Directions:
Output, exactly as written, the lines below starting at the line containing "1) Ilahi Baksh" and ending at the line containing "bizim yüzde 41". Drop the pictures and keep both end lines.

Listed records:

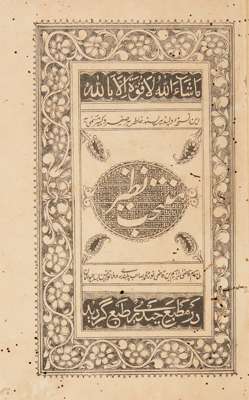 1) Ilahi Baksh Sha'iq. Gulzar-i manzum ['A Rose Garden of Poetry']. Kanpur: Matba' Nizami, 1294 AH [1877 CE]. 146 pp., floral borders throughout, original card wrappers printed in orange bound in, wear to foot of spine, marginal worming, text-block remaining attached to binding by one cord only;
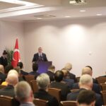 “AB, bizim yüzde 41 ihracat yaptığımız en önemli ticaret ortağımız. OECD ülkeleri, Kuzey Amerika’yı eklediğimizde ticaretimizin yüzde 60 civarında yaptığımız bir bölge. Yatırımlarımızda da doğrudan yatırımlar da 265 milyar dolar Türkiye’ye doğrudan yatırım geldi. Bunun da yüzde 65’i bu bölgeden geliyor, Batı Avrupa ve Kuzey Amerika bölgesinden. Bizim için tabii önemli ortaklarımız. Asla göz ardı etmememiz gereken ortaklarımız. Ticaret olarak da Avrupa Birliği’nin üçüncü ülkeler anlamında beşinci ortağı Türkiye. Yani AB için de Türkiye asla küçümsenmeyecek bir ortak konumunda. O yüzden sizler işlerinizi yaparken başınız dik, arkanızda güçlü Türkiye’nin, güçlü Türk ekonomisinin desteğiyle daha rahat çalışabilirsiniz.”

---

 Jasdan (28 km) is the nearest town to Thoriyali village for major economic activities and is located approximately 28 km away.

---

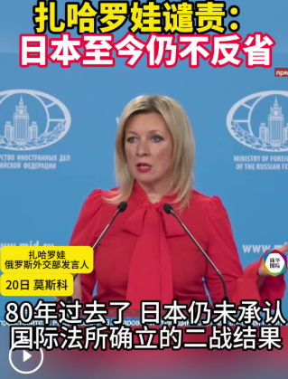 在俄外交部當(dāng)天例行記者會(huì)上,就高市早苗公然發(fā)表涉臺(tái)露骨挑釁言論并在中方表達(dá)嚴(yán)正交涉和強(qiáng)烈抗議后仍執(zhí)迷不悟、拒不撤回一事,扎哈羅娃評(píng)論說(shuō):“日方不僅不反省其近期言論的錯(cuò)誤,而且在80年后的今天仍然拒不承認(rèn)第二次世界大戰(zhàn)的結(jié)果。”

Result for this task:
 1) Ilahi Baksh Sha'iq. Gulzar-i manzum ['A Rose Garden of Poetry']. Kanpur: Matba' Nizami, 1294 AH [1877 CE]. 146 pp., floral borders throughout, original card wrappers printed in orange bound in, wear to foot of spine, marginal worming, text-block remaining attached to binding by one cord only;
 “AB, bizim yüzde 41 ihracat yaptığımız en önemli ticaret ortağımız. OECD ülkeleri, Kuzey Amerika’yı eklediğimizde ticaretimizin yüzde 60 civarında yaptığımız bir bölge. Yatırımlarımızda da doğrudan yatırımlar da 265 milyar dolar Türkiye’ye doğrudan yatırım geldi. Bunun da yüzde 65’i bu bölgeden geliyor, Batı Avrupa ve Kuzey Amerika bölgesinden. Bizim için tabii önemli ortaklarımız. Asla göz ardı etmememiz gereken ortaklarımız. Ticaret olarak da Avrupa Birliği’nin üçüncü ülkeler anlamında beşinci ortağı Türkiye. Yani AB için de Türkiye asla küçümsenmeyecek bir ortak konumunda. O yüzden sizler işlerinizi yaparken başınız dik, arkanızda güçlü Türkiye’nin, güçlü Türk ekonomisinin desteğiyle daha rahat çalışabilirsiniz.”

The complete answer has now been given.